:: Information supplied ::
=======
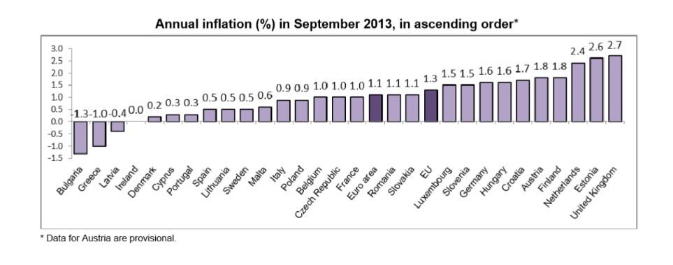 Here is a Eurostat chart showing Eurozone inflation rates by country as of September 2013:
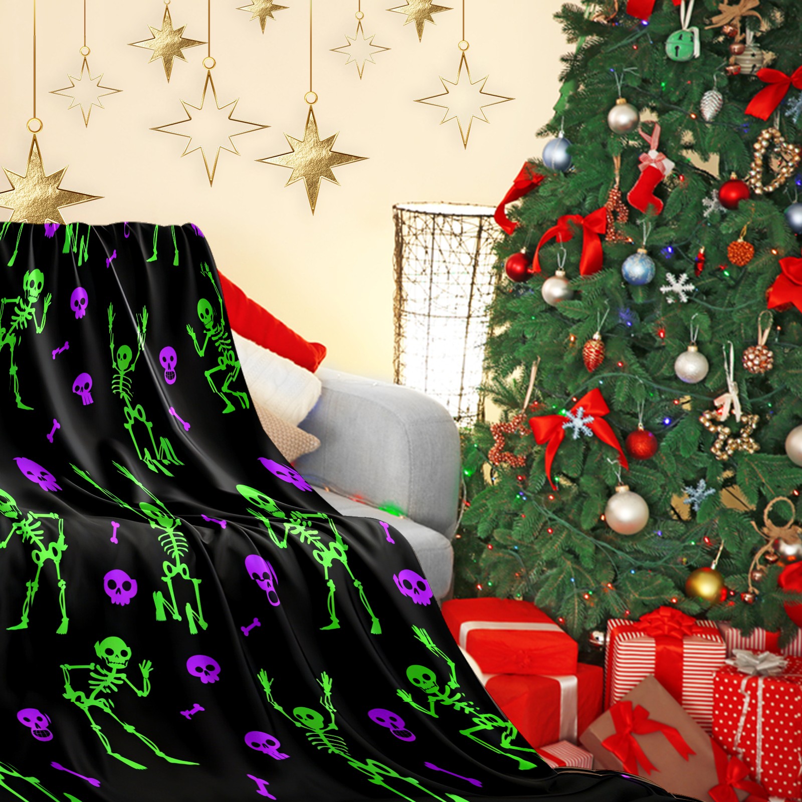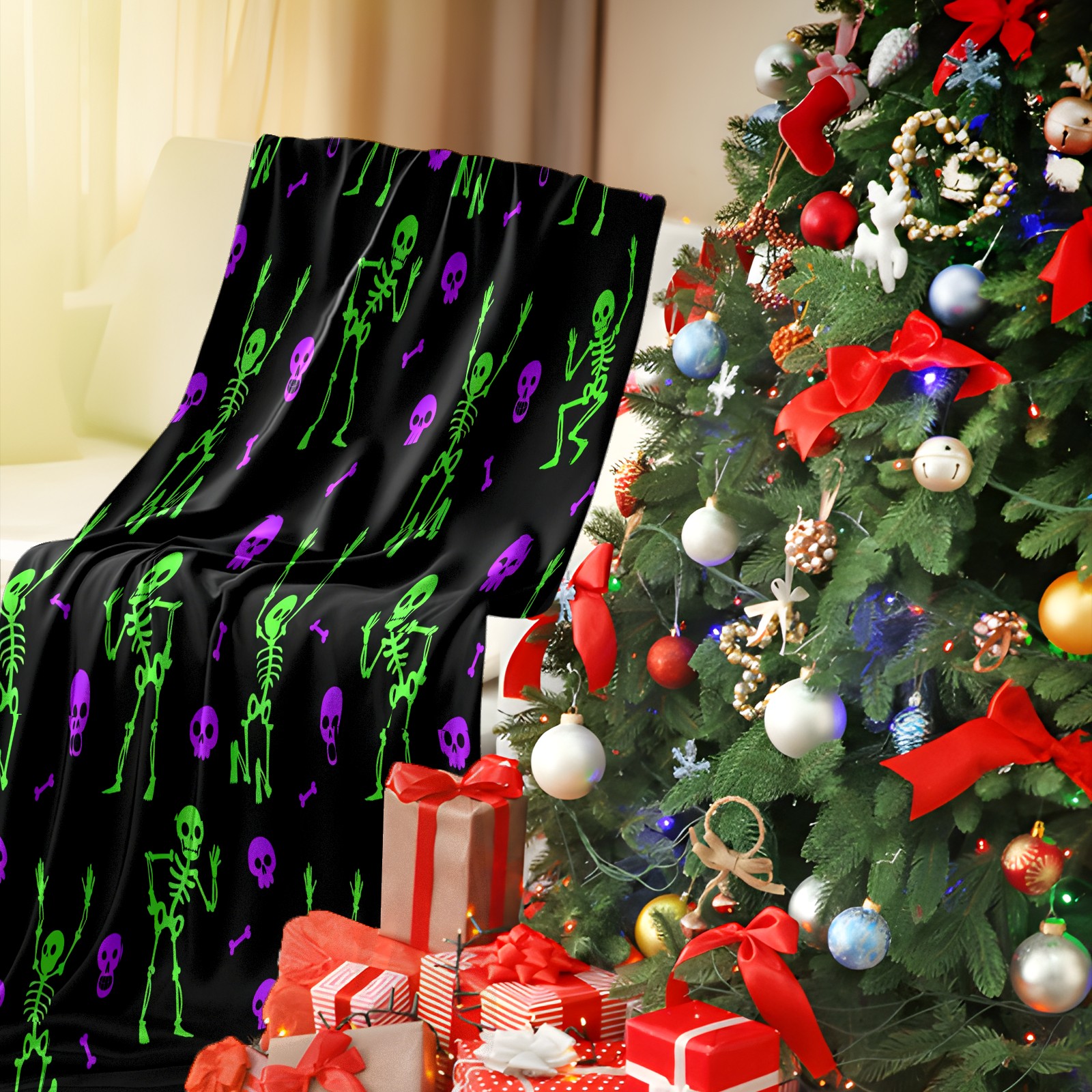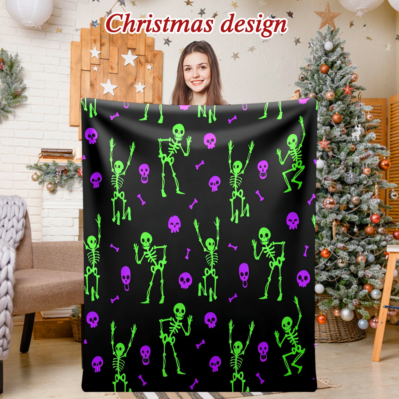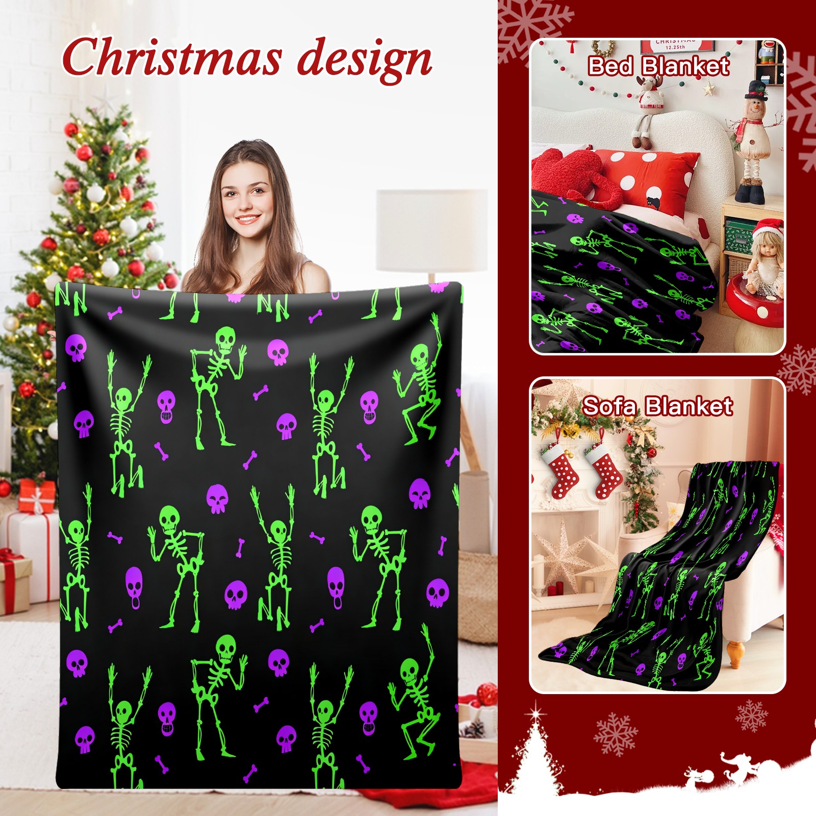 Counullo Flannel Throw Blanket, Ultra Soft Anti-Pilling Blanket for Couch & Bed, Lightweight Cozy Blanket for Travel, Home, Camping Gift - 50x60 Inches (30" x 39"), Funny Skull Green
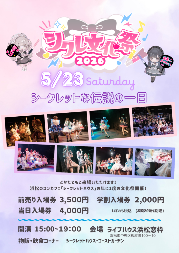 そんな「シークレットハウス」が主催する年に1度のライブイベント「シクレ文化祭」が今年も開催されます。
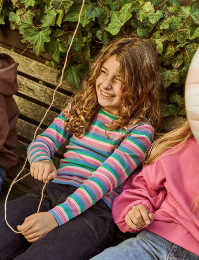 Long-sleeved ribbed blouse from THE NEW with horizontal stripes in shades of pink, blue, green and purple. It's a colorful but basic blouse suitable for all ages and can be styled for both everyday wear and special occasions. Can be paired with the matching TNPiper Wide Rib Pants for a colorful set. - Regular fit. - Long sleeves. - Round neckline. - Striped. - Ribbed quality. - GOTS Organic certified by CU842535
=======
:: Exercise instructions ::
Write the lines from the line containing "Counullo Flannel Throw" through the last line of the data out again exactly, and only those lines; pictures stay out.

:: Answer section ::
 Counullo Flannel Throw Blanket, Ultra Soft Anti-Pilling Blanket for Couch & Bed, Lightweight Cozy Blanket for Travel, Home, Camping Gift - 50x60 Inches (30" x 39"), Funny Skull Green
 そんな「シークレットハウス」が主催する年に1度のライブイベント「シクレ文化祭」が今年も開催されます。
 Long-sleeved ribbed blouse from THE NEW with horizontal stripes in shades of pink, blue, green and purple. It's a colorful but basic blouse suitable for all ages and can be styled for both everyday wear and special occasions. Can be paired with the matching TNPiper Wide Rib Pants for a colorful set. - Regular fit. - Long sleeves. - Round neckline. - Striped. - Ribbed quality. - GOTS Organic certified by CU842535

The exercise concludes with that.